4. Live outside as much as you can
Parks, picnics, dinner in the backyard. Beach, bushwalks, camping, swimming. ALL of these things are so much fun with little ones. It takes a bit of forward planning, but being outside is good for all of you. Double bonus: mess stays outside of your house too!
5. Try ‘go with the flow’ days
I try this at least once a week, usually the midweek day I am home. On these days, we head to the pool or the park. The rest of the day is toys in the back room that can be spread anywhere, until 4pm - when I whack out the vacuum and pack everything away.
6. Take care of you
Choose two or three things that REALLY matter to you and lock them in, no matter what.
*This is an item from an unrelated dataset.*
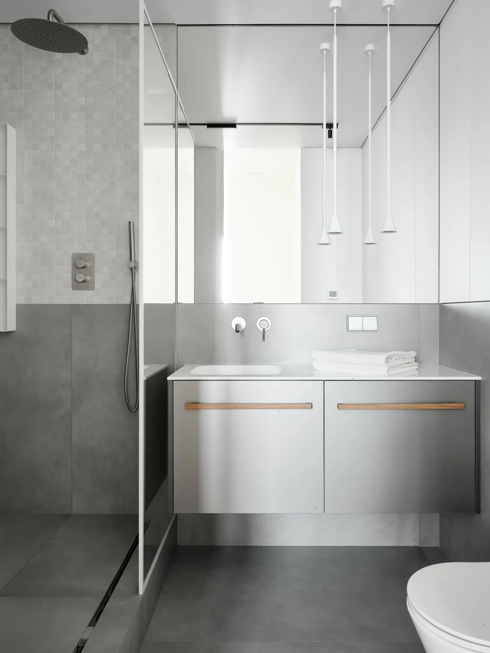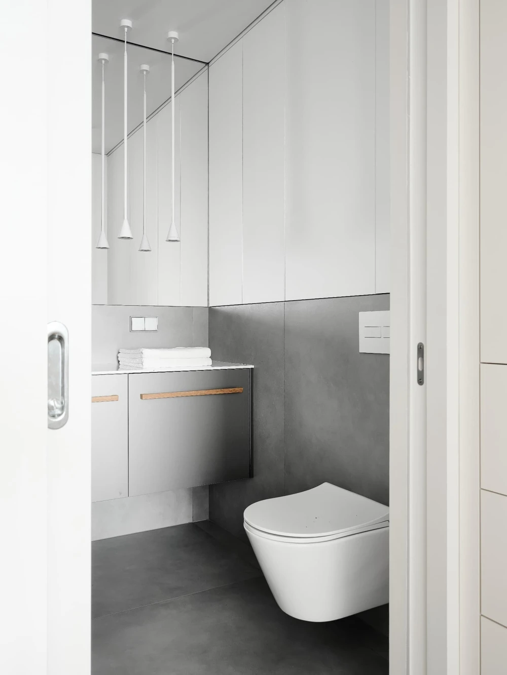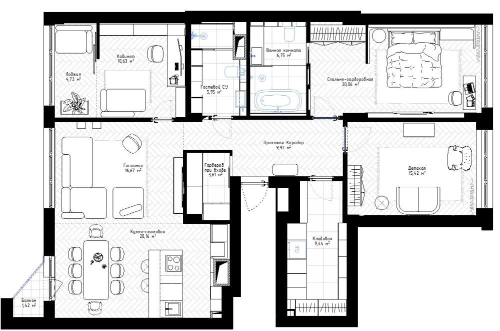 «Мы переосмыслили зону прихожей: добавили гардероб при входе и скорректировали границы санузла, чтобы получить более ровную и правильную транзитную зону к спальням, не пересекающуюся с блоком прихожей. В гостевой блоке, слева от входа, находится просторная кухня-гостиная и та самая обеденная группа для сбора гостей, шумных застолий и раундов настольных игр. Второе помещение в этом блоке — рабочий кабинет. В нем мы старались предусмотреть разные сценарии: как для работы, так и для отдыха в течение дня. К этим помещениям примыкает гостевой санузел, вход в который осуществляется через коридор. Справа от входа расположен мастер-блок со спальней, гардеробной и входом в ванную комнату, детская комната, а также кладовая-постирочная».

Exercise, meditation, coffee mornings with other mum friends, or date nights with your partner. You are worth taking care of too!
7. Late afternoon walks for the win
My boys are so much calmer in the evening if they're - well - worn out! About 4pm, once we've packed away the toys, we grab a scooter, pram and ball and head down to the local bike path for a wander. Some days we manage half an hour, other days it can be just 15 minutes. But this last bout of energy expenditure always pays dividends.
This too shall pass
It sounds like a cliché, and it's also VERY challenging to do when you’re tired, and life just seems like a neverending list of tasks and demands and very little time-out ... but just try to remember this is a stage of life. Not the rest of your life.
Here I am with a five-year-old who will be at school next year, and all those lazy park afternoons will be a lovely memory.
As my lovely Greek neighbour says to me, enjoy your kids when they’re young because life takes care of the rest.